An online learning community tries to do just that, replicating the students’ informal community in a variety of different ways. Staff don’t have to make this happen, but they have to make sure that the digital tools are in place for it – although students will often set up a private WhatsApp group with no reference to the lecturer at all. Students also need to feel that such informal activities are legitimate in the unfamiliar online environment.

Simon’s experience in teaching and doing diplomacy has shown him the value of networks and the importance of activities that build them. Simple icebreaker-type activities or ‘e-tivities’, if well designed, can engage students and build community online in groups ranging from half-a-dozen postgraduates to a MOOC cohort of thousands. OLCs can lead to a flattened educational hierarchy. Some, although not all, disabled students can engage better online, and maintaining physical distance clearly represents less of a challenge. Time differences may be problematic, although such activities do not have to be wholly synchronous. 

Much of the discussion on OLCs focused on the needs of particular groups of students – such as those on the autism spectrum or diagnosed with ADHD – and how they can be encouraged to feel part of such an online community. Simon has had positive feedback from members of both of these groups. Others discussed examples of activities that work well in building community. One participant spoke particularly enthusiastically about students’ responses to one of Diana’s examples: peer review. Reservations were expressed about conventional icebreakers – they can feel frivolous, and a modular programme can involve too many icebreakers.
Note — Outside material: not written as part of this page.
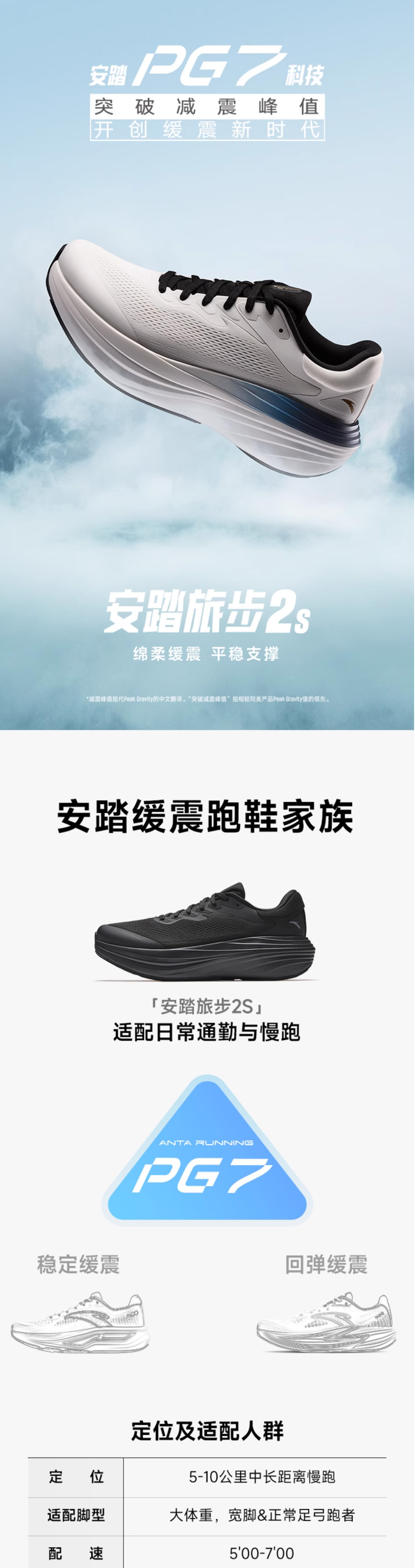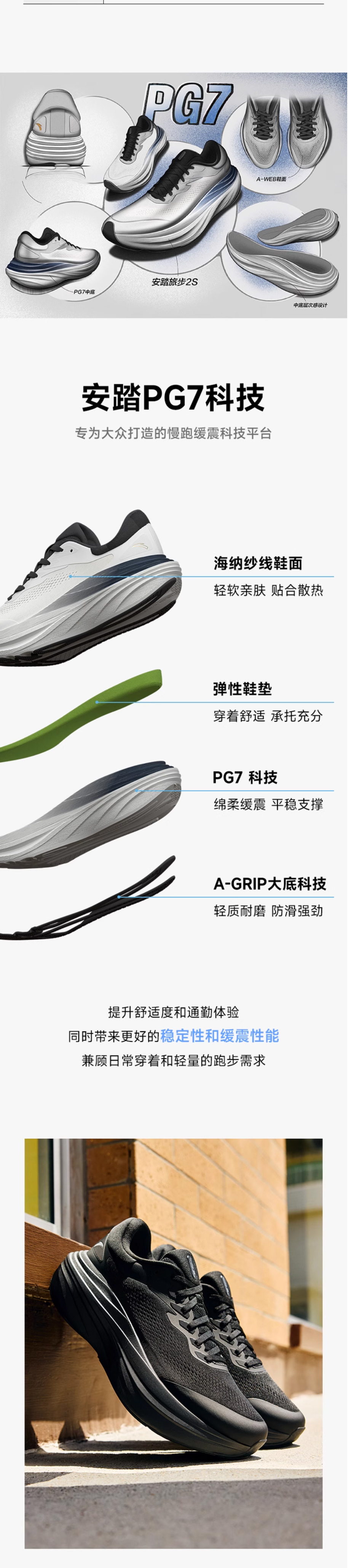 安踏旅步2S丨PG7厚底缓震回弹跑步鞋男耐磨舒适运动鞋子112535545-4

Task-, subject- and course -focused icebreakers can be equally productive in forming relationships and communities, and at the same time feel more relevant.

The shape of the 2020-21 academic year is perhaps becoming clearer in outline – mainly, a shift towards  doing more online – while still murky in detail. It is very encouraging to know that so much work is going into developing engaging activities that students will benefit from in the ‘new normal’, whatever form that takes. Hopefully the best of these changes to practice will continue long after COVID-19 has passed into history.